* [Work required] In the entries that follow, the line with "Ασημένια μανικετόκουμπα με" opens the range and the line with "Fuente: Grupo Auditor" closes it; repeat that range exactly, both lines included.

* [Material for this exercise]
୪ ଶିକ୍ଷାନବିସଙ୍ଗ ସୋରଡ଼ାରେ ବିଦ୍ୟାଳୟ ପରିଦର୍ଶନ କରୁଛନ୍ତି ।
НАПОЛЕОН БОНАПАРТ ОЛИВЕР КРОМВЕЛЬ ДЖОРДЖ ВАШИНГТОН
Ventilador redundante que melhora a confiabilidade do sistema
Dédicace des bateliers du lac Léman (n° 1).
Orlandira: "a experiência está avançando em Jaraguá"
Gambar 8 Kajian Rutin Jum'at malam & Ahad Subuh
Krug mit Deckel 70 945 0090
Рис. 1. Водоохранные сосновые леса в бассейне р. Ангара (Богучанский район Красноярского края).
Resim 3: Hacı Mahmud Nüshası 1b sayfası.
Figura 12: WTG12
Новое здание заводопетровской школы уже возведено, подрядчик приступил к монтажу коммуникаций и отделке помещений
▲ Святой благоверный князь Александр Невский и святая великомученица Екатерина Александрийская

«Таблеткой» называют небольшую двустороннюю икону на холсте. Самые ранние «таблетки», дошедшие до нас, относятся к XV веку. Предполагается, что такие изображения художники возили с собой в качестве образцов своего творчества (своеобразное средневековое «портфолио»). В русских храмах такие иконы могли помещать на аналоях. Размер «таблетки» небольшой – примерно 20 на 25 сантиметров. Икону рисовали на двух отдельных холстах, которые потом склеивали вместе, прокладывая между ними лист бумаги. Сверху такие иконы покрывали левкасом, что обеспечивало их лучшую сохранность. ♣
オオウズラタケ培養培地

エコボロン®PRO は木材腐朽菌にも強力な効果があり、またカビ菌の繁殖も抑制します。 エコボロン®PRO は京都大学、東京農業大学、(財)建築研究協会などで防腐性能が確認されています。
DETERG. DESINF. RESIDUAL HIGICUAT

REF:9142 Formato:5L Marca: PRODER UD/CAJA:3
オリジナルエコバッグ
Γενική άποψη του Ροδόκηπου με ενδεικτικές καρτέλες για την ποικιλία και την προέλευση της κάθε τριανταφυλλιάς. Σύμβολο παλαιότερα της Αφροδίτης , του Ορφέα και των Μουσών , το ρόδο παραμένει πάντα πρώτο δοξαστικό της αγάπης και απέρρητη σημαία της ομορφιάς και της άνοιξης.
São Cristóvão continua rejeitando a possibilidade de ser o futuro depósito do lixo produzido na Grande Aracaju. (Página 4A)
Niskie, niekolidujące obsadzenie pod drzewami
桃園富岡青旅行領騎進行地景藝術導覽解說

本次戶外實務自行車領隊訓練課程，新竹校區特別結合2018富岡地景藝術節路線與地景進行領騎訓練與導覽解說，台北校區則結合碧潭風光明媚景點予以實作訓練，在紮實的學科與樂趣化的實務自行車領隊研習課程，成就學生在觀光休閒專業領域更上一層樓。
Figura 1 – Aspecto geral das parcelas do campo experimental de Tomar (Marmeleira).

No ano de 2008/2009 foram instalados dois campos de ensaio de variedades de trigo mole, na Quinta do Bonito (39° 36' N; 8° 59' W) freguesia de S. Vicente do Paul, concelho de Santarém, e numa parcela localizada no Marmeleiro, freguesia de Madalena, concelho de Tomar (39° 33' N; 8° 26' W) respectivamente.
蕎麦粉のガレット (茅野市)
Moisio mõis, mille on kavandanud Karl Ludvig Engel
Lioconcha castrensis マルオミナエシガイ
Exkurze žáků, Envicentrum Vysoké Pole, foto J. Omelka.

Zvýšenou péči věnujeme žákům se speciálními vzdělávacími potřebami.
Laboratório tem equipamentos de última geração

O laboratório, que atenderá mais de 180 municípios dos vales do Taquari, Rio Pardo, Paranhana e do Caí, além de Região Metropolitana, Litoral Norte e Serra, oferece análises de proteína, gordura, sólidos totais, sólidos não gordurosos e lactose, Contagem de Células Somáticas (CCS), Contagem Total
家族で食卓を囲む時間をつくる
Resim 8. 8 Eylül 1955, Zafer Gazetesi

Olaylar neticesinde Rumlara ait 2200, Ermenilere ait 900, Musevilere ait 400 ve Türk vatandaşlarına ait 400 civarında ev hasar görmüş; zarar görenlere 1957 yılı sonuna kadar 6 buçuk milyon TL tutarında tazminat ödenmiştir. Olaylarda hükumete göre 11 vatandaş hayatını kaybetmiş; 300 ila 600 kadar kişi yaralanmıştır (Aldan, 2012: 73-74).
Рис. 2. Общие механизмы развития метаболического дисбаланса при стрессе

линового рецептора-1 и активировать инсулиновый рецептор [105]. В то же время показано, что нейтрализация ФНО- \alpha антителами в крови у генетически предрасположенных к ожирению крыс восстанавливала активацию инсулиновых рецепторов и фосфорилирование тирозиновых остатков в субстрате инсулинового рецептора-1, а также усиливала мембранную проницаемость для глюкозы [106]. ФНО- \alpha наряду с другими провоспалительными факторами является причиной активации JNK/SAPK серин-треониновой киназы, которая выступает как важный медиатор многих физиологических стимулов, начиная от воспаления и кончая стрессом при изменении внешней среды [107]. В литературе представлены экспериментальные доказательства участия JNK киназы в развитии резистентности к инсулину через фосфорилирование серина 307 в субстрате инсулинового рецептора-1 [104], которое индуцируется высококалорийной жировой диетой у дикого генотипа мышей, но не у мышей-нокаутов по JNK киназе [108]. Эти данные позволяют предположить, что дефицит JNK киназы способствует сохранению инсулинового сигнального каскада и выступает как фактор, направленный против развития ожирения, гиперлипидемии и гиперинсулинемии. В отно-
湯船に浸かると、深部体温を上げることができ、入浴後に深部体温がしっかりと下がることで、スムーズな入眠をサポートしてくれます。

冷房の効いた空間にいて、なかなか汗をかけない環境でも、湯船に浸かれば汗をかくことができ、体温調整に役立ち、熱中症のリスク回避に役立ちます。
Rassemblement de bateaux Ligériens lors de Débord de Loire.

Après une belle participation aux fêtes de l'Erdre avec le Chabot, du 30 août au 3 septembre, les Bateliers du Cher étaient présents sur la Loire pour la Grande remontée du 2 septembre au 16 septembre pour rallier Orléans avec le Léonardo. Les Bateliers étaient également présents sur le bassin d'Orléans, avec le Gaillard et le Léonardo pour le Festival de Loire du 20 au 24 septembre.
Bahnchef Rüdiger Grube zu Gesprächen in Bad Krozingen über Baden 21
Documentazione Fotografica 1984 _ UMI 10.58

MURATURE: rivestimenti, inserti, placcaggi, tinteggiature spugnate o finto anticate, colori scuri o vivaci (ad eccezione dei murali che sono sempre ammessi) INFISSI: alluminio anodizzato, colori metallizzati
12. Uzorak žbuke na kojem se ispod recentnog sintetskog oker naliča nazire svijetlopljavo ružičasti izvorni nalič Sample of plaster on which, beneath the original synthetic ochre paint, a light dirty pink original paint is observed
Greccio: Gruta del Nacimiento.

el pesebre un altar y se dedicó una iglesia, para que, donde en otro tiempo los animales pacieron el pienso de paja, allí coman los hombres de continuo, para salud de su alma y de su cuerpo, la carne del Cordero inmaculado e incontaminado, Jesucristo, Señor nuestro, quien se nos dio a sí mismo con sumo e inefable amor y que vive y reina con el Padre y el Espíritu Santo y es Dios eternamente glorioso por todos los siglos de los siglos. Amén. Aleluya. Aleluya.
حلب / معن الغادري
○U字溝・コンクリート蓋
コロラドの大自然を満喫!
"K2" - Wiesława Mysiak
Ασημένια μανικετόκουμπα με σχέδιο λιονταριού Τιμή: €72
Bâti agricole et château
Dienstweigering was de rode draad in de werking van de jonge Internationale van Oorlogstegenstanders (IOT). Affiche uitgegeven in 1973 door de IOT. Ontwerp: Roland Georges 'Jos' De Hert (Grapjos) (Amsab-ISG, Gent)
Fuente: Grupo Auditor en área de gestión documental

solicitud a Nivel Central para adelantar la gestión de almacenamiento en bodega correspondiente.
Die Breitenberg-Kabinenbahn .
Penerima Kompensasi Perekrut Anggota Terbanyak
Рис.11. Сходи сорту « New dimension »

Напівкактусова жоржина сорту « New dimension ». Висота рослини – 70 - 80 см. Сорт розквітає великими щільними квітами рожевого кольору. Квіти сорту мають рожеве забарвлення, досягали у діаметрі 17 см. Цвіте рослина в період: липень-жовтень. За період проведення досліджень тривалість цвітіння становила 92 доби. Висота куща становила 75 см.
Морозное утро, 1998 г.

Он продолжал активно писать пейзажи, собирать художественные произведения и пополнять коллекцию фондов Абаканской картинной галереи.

* [Output below]
Ασημένια μανικετόκουμπα με σχέδιο λιονταριού Τιμή: €72
Bâti agricole et château
Dienstweigering was de rode draad in de werking van de jonge Internationale van Oorlogstegenstanders (IOT). Affiche uitgegeven in 1973 door de IOT. Ontwerp: Roland Georges 'Jos' De Hert (Grapjos) (Amsab-ISG, Gent)
Fuente: Grupo Auditor en área de gestión documental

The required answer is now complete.